Speaker: Dr. Danica Adams
Affiliation: Earth, Planetary, and Space Sciences, UCLA
Date: Wednesday, April 29, 2026
Time: 12:00 PM
Abstract
Early atmospheric chemistry and climate play an important part in what worlds have liquid water and how life could emerge, but preserving evidence for this over geologic time often presents a challenge. Compared to Earth, which undergoes continuous erosion by plate tectonics, Mars offers a superb window into its earliest history, preserved right on its surface, and is therefore an excellent case study for planet evolution. What we learn here can extend to other planets in the solar system, the early Earth, Venus, and even outside the solar system at exoplanets.
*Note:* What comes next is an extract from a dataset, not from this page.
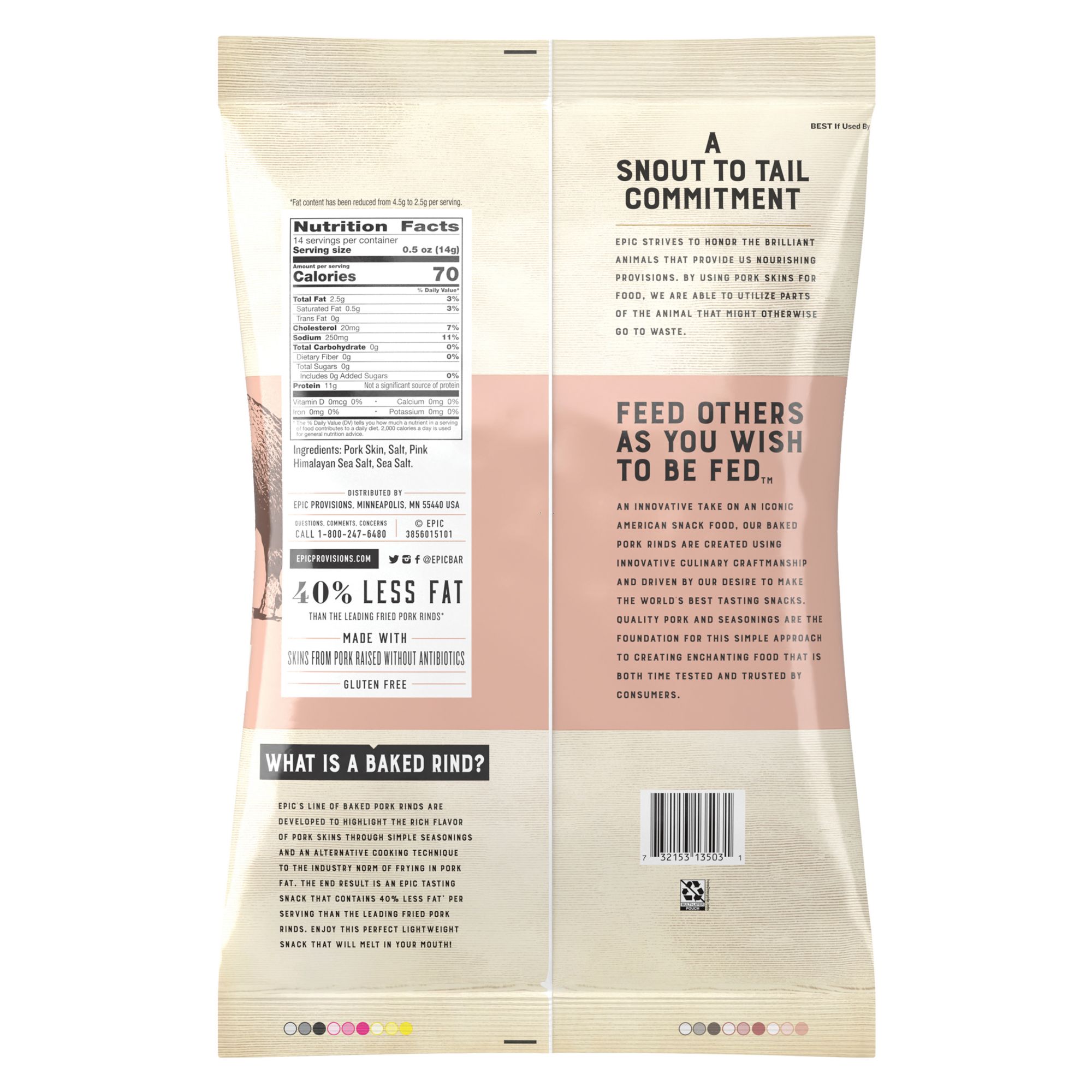 A modern take on a classic American snack, Epic Provisions Pork Rinds are made from a blend of antibiotic-free, non-GMO, organic, and pastured pork complemented with both pink Himalayan salt and sea salt. They’re gluten-free, Paleo-friendly, and filled with an abundance of protein. Allowing more whole animal utilization, pork skins are an extension of Epic’s Whole Animal Project, a "snout-to-tail" commitment to honor each animal sourced. What is a rind? A rind is a fried pork skin taken from either the belly or back of a hog. This skin is softer in texture and has more subcutaneous fat when compared to the shoulder. Additionally, pork rinds have very little meat cooked into the product. The end result is the perfect lightweight snack that melts in your mouth.
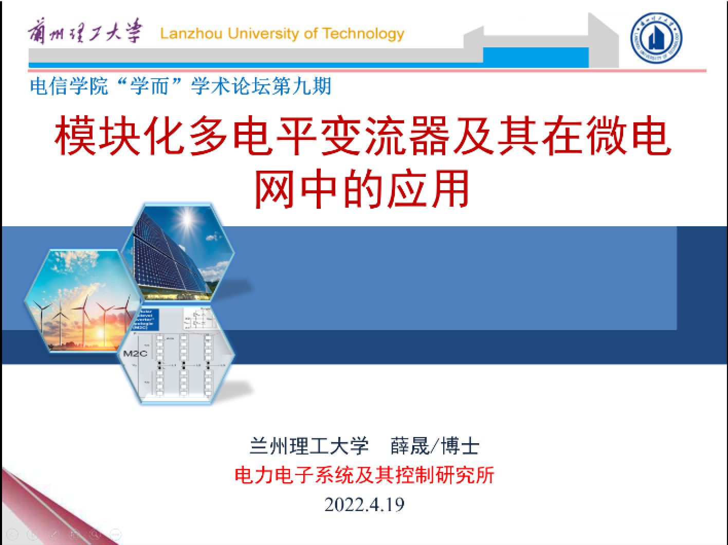 裴婷婷博士和薛晟博士别以《光伏发电系统中光伏阵列的故障诊断与配置重构策略研究》和《模块化多电平变流器及其在微电网中的应用》为题为硕士研究生做了精彩的学术报告。两位老师结合自身研究经历,就课题选题背景、研究意义、步骤及方法对同学们进行了详细介绍。同时对同学们提出几点期望:第一,提升知识储备,强化专业技能;第二,注重理论研究与工程实践相结合。

Extensive surface evidence suggests Mars once hosted large volumes of liquid water, implying a warmer climate sustained by a thicker atmosphere than present day. Previous studies propose that CO2-dominated atmospheres enriched with H2 or CH4 could have driven warming, though such gases exhibit short atmospheric lifetimes. This talk will first present a novel explanation for sustaining warm climates up to 40 million years: hydrogen release through crustal hydration. Evidence of atmospheric climate and redox transformations may remain preserved on the surface and in meteorites. To test our hypothesis, we show that deposits measured by Mars Science Laboratory and isotopic fractionation measured in meteorites can both be explained photochemically under specific climates and atmospheric redox states. We also present predictions of isotopic signals under different climate and redox states that Mars Sample Return missions should search for.
Like Mars, Venus may have also experienced large climate changes during its evolution too. Modern Venus is a hot, arid environment, yet the possibility of an early cool, habitable phase remains unresolved. The talk will explore when sulfuric acid hazes in Venus’ history could have sufficiently cooled the planet to allow surface rainfall. This scenario may be testable using NASA’s upcoming Habitable Worlds Observatory (HWO), which will observe exoplanets with Venus-like characteristics.
While HWO’s launch lies years ahead, exciting exoplanet data have already been measured with JWST, Hubble, and Spitzer. When we observe planets also influences their chemistry, and the presentation will explain a new hypothesis for missing methane at warm Neptunes. The talk also highlights ongoing efforts to develop modeling tools to interpret future data, including microphysics and 3D dynamics. These analyses aim to refine atmospheric interpretations and advance our understanding of planetary evolution across diverse environments.